[mixch_s]

Can babylonian algorithm compute the negative integer?

The question is like this
1. Make a 'guess' ( you can pick n / 2 as your initial guess )
2. Compute r = n / guess
3. Set guess = ( guess + r ) / 2
4. Go bck to step 2 for many iterations as necessary. The more that step 2 and 3 repeated, the closer ' guess' will become to the square root of n.

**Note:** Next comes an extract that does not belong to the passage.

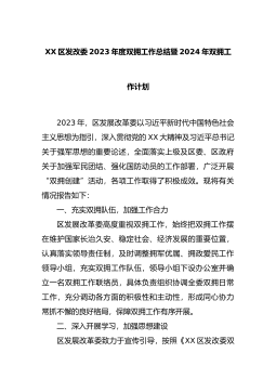 XX区发改委2023年度双拥工作总结暨2024年双拥工作计划

Write a program that inputs an integer for n, iterates through the Babylonian Algorithm until ' guess ' is within 1% of the previous guess and outputs the answer as a double

For example i input n = 2;
i make do - while
the condition is while ( ( prev_guess - guess ) / prev_guess ) > 0.01

prev_guess = 1
r = 2
guess = ( prev_guess + r ) / 2 = 1.5

Condition = ( prev_guess - guess ) / prev_guess = -0.5
So to make it positive , i put
if ( ( (prev_guess - guess ) / prev_guess ) < 0 )
{
(( prev_guess - guess ) / prev_guess ) * -1
}

So when n is negative , it will become infinite loop

I put another if , else
if ( n >= 0)
....
else
cout << "Out of the range"

can i do that??

[Plus]

the most important things are two:

1. will the loops break ?

2. does that code gives you the expected results ?

[mixch_s]

Loops will be break whenever the user input negative input
it will cout << " out of the range"

and the programme is output what i expected..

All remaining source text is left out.